That's my take on it. I made knives stock removal first for years, learned HT, then moved into bladesmithing later.
 
Fitzo, don't talk to me about guitars.....I have some killer axes(Historic Les Pauls, CS Fenders, D28V, etc. coming out of my ears) and yet I still suck....same problem that I have here.....high expectations. That's why I went back to knifemaking......I seem to have somewhat of an eye for what a knife should look like and a bit more ability to make it happen as compared to guitar, so at least I have a SLIGHT chance of getting half decent......in a decade or so...LMAO.
 
Joe, I read in your profile about guitars, so I knew you'd understand. I am down to about 25 again, thankfully. :)

Just remember: simple to more complex with the knives. Add talents slowly. We`try and get too fancy too fast because we see what the masters accomplish. The important thing is we realize we don't have to be Steve Vai or Christopher Parkening.
 
Ok Karl......since you got the info from others, it ain't trade secrets so ya gots to give em up, daddy-o!!!!! lol. How do you tell when the blade has reached 400F MOL and what ARE these secret hand sanding techniques?:D

No secrets here! Well, maybe a few.
That 400 is just a matter of listening to others who have already checked it out! With the normal sort of average blade dimensions we deal with in knives, if you are using quenching oil at about 140-150 degrees, and you are quenching a blade of average dimesnions you're gonna be knockin' on the 400 degree door in 4-5 seconds. So, there is a little check you can do. If you pull your blade out and the QUENCHING!! oil evaporates immediately, you're too hot. Note that I said QUENCHING oil - not Crisco!
If you pull that blade out and it's dry immediately, you're vaporizing the oil and it's too hot.
If it remains completely wet with NO dry spots at all, you've gone cooler. What you want is a little smoke, some oil to remain on the blade and some spots to dry off - sort of blotchy - wet/ dry. that's what I was told by Tim Zowada, I think. Maybe Kevin. I'm easily confused.
I am going to check tonight with a thermo couple tester and check the blade when it comes out to see how hot it is - maybe tomorrow. Today has been a long day.
The sanding part is no biggy.
Instead of using sanding blocks, use bars of steel. I use 3/16 X 1 1/4, by about 18 inches long. To this I attached a thin layer of the material used for the white vinyl cutting boards. Know what I mean? I put a piece on the steel with epoxy and then milled it perfectly flat about 1/16 inch thick.
This is only on the middle 9 inches of the bar. the rremained on the ends is for your hand grip. The 9 inches is for the width of sandpaper. Spray the vinyl with Sanding disk spray adhesive that allows for repeated removal and replacing of new sand paper strips.
Now when you sand the blade, you are using both arms and shoulder instead of just your fingers and hands. You can apply a LOT more pressure, get a LOT more use out of the sand paper, and it's just plain faster and better.
You have a bar for each grit of paper you normally use.
I will pay for my trip to Ashokan with the savings in Sandpaper alone.
 
LOL.......no Crisco here, man. I just bought 4 gallons of Brownell's Tuff Quench.
 
You can almost see Don's sanding contraption from Ashokan in this picture:

Image-F0A3919B470511DB.jpg
 
...Would there be any advantage to being able to hang at martempering [marquench] temperature for a period of time, or a slow, controlled descent to ambient temperature?

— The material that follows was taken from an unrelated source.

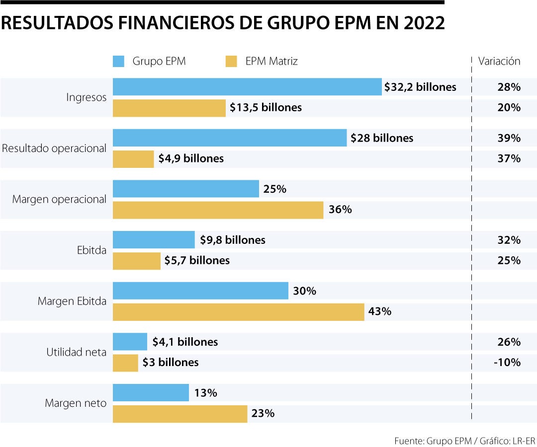 El Grupo EPM obtuvo $32,2 billones en ingresos en 2022, lo que representa un incremento de 28% frente a 2021 y un Ebtida de $9,8 billones. La compañía obtuvo un resultado operacional de $28 billones, es decir, 39% más frente al año anterior. La utilidad neta fue de $4,1 billones.

Folks often wonder why steel geeks use such fancy words, it is so one can accurately convey information in the most efficient way, the problem is those you are talking to need to also have a basic vocabulary in the language you are speaking. One can see how there can be loads of confusion between tempering, martempering, quenching, marquenching and interrupted quenching. I use the word marquenching even when I am discussing an interrupted quench because that is the method I constantly use. For the sake of this conversation it may be easier for us to venture into some tech speak and instead of referring to the temperature that you are talking about as “martempering temperature”, we can cover all the techniques by using the precise term for describing that temperature we are aiming for. That temperature is the point at which martensite begins to form and material science has convenienty abbreviated the Martensite start point as Ms (the s should be subscript). In techniques geared toward making martensite the only reason one stops the cooling near Ms is to allow things to equalize before plunging into the hardening range.

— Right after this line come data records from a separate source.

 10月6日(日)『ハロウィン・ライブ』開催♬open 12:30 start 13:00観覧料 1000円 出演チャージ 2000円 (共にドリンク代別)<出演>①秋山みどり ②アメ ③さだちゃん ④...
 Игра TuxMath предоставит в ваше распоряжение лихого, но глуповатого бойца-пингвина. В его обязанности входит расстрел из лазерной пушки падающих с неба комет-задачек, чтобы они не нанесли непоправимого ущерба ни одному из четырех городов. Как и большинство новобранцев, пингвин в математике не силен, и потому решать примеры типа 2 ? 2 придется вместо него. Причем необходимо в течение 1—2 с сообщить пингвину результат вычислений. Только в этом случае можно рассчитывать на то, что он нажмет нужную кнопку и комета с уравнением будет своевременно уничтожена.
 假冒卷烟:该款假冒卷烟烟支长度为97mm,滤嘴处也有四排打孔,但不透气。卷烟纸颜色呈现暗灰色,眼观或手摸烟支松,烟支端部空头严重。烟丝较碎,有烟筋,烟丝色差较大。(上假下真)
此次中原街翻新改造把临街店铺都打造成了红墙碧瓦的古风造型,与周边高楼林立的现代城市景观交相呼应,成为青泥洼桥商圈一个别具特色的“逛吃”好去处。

I think we need to take some time out for a brief (if I am capable) discussion on this stuff called martensite that we all obsess over. Most all the other operations we talk about are effected by both time and temperature, because they are diffusional in nature, austenite and pearlite for example are strongly effected by holding at temperature because the carbon needs to diffuse for these phases to occur. Martensite is not the same, it doesn’t care about diffusion, in fact if diffusion could occur in the martensite range it would defeat the transformation and make other things. Martensite is what happens when diffusion is not allowed to occur at all and the austenite needs to do something because it is not natural for it to be stable at temperatures below 1000F (or Ar1 to be more accurate). Its atomic arrangement needs to go to a more stable configuration but there are trapped carbon atoms in the way. Ms is different for each alloy but for simplicity lets say at 400F the point is reached where something’s gotta give. At this point, since diffusion is out, a deformation is necessary for fields of austenite to make something, this is accomplished by the tilting of planes comprised of whole groups of atoms (what is known as habit planes) with a shearing type motion at the edges and thus a packet of body centered tetragonal crystal is abruptly formed and you start to get martensite.

This is why martensite is called a “shear” type transformation and it requires the action of cooling to initiate and continue; time simply doesn’t matter. One of the questions on a written test I used to give my “Intro to Bladesmithing” class was:

How long would you need to hold steel at 375F in order to get 100% martensite?

It was a trick question because an appropriate answer could be “until Hell freezes over!” Due to the diffusionless nature of the transformation whatever percentage martensite you have when you stop cooling is all you will have until you continue to cool, with a possibility of the austenite stabilizing enough to resist further shear, resulting in the dreaded retained austenite.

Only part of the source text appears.